Data shown =>
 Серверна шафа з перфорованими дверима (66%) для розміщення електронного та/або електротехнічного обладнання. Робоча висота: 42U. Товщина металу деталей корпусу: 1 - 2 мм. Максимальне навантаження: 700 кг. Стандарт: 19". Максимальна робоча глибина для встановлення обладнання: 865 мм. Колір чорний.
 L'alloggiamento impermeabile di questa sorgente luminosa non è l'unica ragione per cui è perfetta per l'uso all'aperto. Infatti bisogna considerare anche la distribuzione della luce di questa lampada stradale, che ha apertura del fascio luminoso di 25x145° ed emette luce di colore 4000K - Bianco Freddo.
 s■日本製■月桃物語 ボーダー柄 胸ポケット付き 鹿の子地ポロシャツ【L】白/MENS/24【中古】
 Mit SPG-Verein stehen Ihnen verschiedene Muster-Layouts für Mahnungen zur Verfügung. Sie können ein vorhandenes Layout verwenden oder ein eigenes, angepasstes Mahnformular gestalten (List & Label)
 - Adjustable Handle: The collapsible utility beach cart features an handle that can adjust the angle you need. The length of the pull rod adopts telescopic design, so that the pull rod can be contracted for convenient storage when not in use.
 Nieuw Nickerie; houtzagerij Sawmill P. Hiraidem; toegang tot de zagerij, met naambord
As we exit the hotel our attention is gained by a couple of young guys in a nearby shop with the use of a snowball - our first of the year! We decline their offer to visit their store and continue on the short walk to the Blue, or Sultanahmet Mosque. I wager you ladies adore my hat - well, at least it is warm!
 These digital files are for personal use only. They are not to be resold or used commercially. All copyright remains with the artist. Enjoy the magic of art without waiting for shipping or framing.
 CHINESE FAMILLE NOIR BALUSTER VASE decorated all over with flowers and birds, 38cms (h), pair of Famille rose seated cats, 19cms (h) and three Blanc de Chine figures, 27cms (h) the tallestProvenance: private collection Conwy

Required action => Write all of the data above again, exactly as given.

Task answer =>
 Серверна шафа з перфорованими дверима (66%) для розміщення електронного та/або електротехнічного обладнання. Робоча висота: 42U. Товщина металу деталей корпусу: 1 - 2 мм. Максимальне навантаження: 700 кг. Стандарт: 19". Максимальна робоча глибина для встановлення обладнання: 865 мм. Колір чорний.
 L'alloggiamento impermeabile di questa sorgente luminosa non è l'unica ragione per cui è perfetta per l'uso all'aperto. Infatti bisogna considerare anche la distribuzione della luce di questa lampada stradale, che ha apertura del fascio luminoso di 25x145° ed emette luce di colore 4000K - Bianco Freddo.
 s■日本製■月桃物語 ボーダー柄 胸ポケット付き 鹿の子地ポロシャツ【L】白/MENS/24【中古】
 Mit SPG-Verein stehen Ihnen verschiedene Muster-Layouts für Mahnungen zur Verfügung. Sie können ein vorhandenes Layout verwenden oder ein eigenes, angepasstes Mahnformular gestalten (List & Label)
 - Adjustable Handle: The collapsible utility beach cart features an handle that can adjust the angle you need. The length of the pull rod adopts telescopic design, so that the pull rod can be contracted for convenient storage when not in use.
 Nieuw Nickerie; houtzagerij Sawmill P. Hiraidem; toegang tot de zagerij, met naambord
As we exit the hotel our attention is gained by a couple of young guys in a nearby shop with the use of a snowball - our first of the year! We decline their offer to visit their store and continue on the short walk to the Blue, or Sultanahmet Mosque. I wager you ladies adore my hat - well, at least it is warm!
 These digital files are for personal use only. They are not to be resold or used commercially. All copyright remains with the artist. Enjoy the magic of art without waiting for shipping or framing.
 CHINESE FAMILLE NOIR BALUSTER VASE decorated all over with flowers and birds, 38cms (h), pair of Famille rose seated cats, 19cms (h) and three Blanc de Chine figures, 27cms (h) the tallestProvenance: private collection Conwy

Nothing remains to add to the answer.